I fought a close to two year battle with my self-doubt (which is far too mild a word for what this really was; self-shame, self-guilt, self-hatred), and I finished Magic Inc. Book Two. I even found my way back to loving writing by beginning Book Three. But I had pushed Dreaming in Shadow back into the dark recesses of my mind, like it was part of the worst of me. I still felt ashamed of it. The short bursts of feeling tempted to go back to it were always quickly broken. But I think it was different this time. (Though maybe I'm just kidding myself.) I read the last section I had been revising. I had written an almost completely new scene back in April. And it was good. And I realized how much I missed the story. How much I missed my broken children. I messaged Mallory, "I sometimes think Jodi and Jeremy are part my own shadow. Like Vanessa. And by turning away from their story, I'm rejecting my own darkness."
I spent some time writing just a bit to add to that chapter. I explored Jodi's thoughts of Shadow being a frightened little boy who had been taught that only violence could free him from his nightmares. And then I too quickly ran out of ground to cover because I had reached a section that I had never decided how to change from the first draft. And I didn't want to force it. So, I just let it sit. I talked about it in therapy. And I decided that when I figured out how to fix that scene, it would be a sign that I should return. I wasn't quite ready yet, but I could see that time approaching just off in the horizon.
It's okay to take your time. With anything. They say if you wait to be ready, that time will never come. But I think that's a lie. I think there is such a thing as being ready. I think our culture is obsessed with making outward progress. Something we can use to prove our worth on social media. Or at family holiday parties. We're all trying so hard to prove our worth that we've decided we are only worth something if we're achieving. And that's not true. There is worth in just being a human. There is worth in accepting yourself as you are.

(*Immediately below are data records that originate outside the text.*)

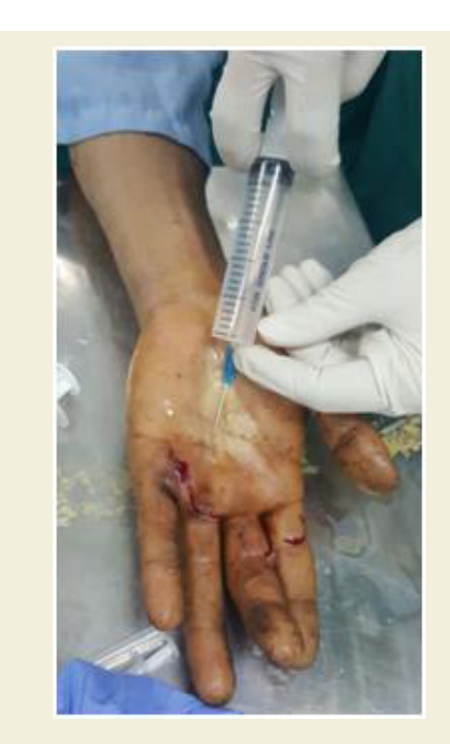
Figure 2: Subcutaneous fat in the center of the phalanx to avoid injuring digital nerves with the level of the needle.

All patients had two views plain X-ray on the hand region and none of them had associated injuries whether fracture, dislocation,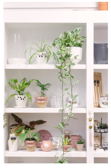
paris morning bright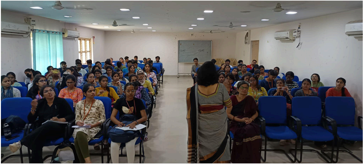
Students listening attentively to the counseling session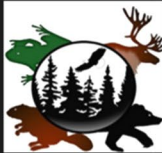
BURNS LAKE BAND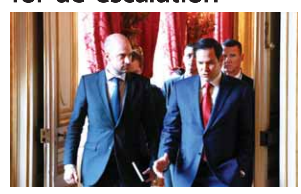
US Secretary of State Marco Rubio and French Foreign Minister Jean-Noel Barrot discussed the developing situation in the Middle East on Monday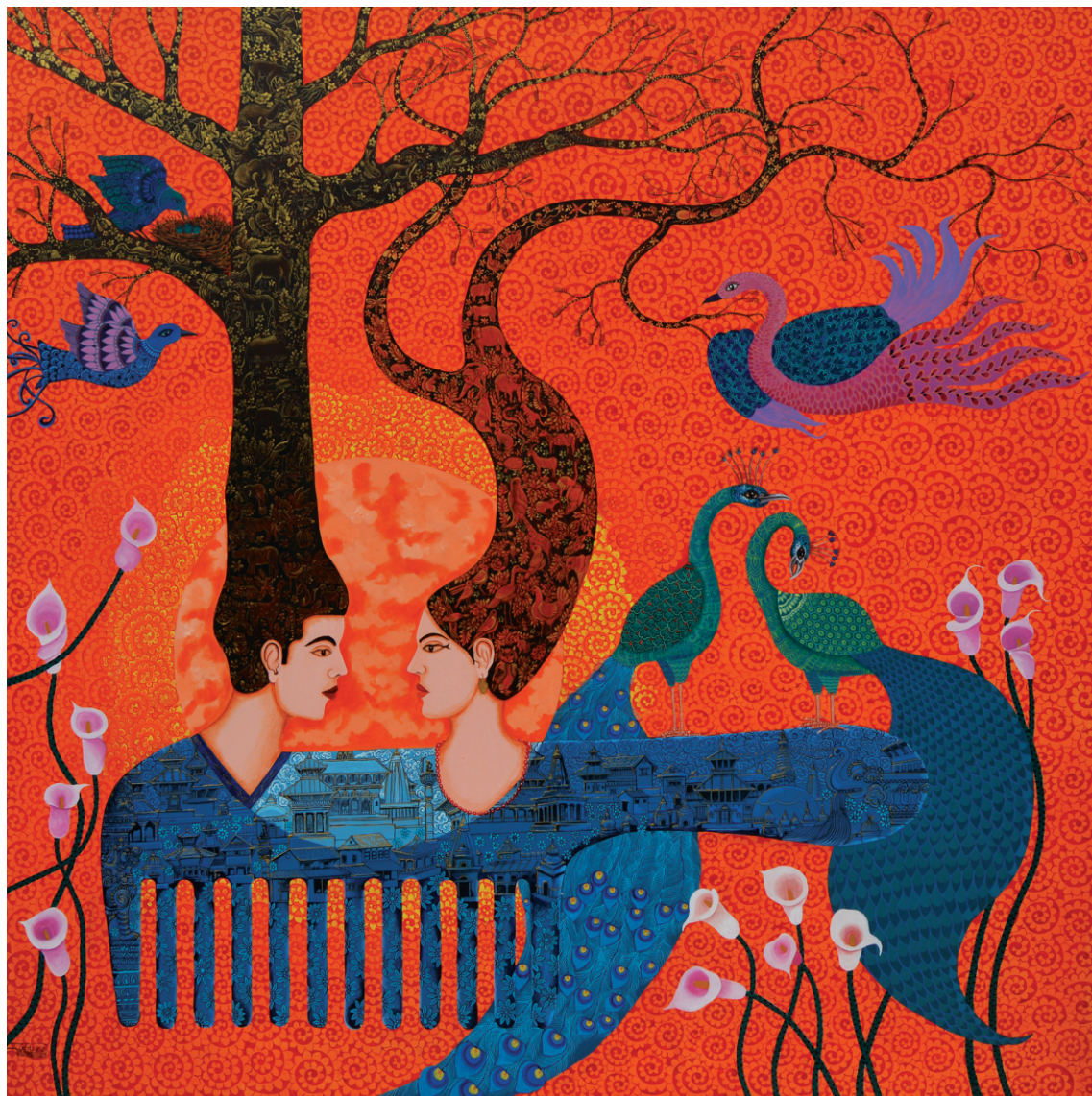
Tranquility of innovation and nature | Acrylic on canvas | 72 x 72 inch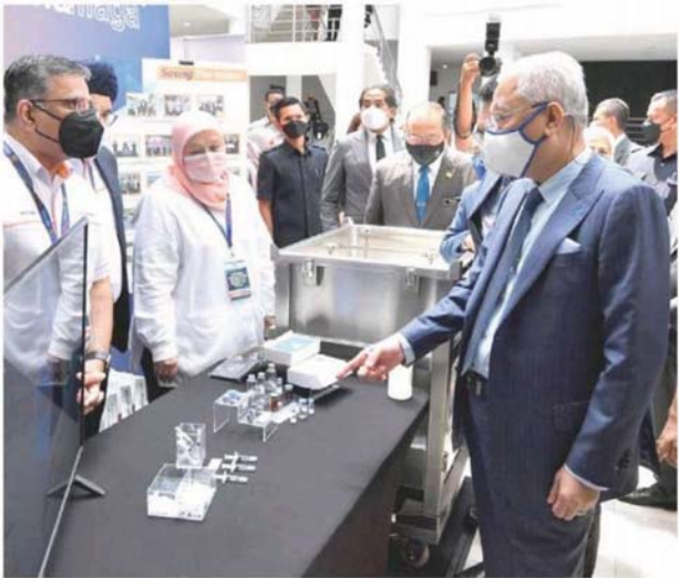
Ismail Sabri (right) stops by at an exhibition booth after the launch of the PPVN and the MGVI. — Bernama photo

He also expressed confidence that Malaysia could reduce its dependence on vaccine-producing countries when it strengthened the country's health security. — Bernama

There's nothing wrong with wanting to achieve things in 2019. It's noble to want to improve yourself and your life. But balance is important, too. Remembering why your goals and priorities are what they are. How you want to feel about yourself. Instead of just pushing your limits. Instead of rushing and burning out. The start of a new year can be a great catalyst for goals and dreams. It can be a great motivator. But we need to be able to make changes when the time is right for us. If, like me, you need some recovery time before you start achieving those goals, that's okay! And remember to take some breaks in between, as well. Many people give up on goals and resolutions because they push themselves to the point of burnout. Pace yourself. Rest and reevaluate when necessary. Reassess what's working and not working. We have a whole year. And I believe in you.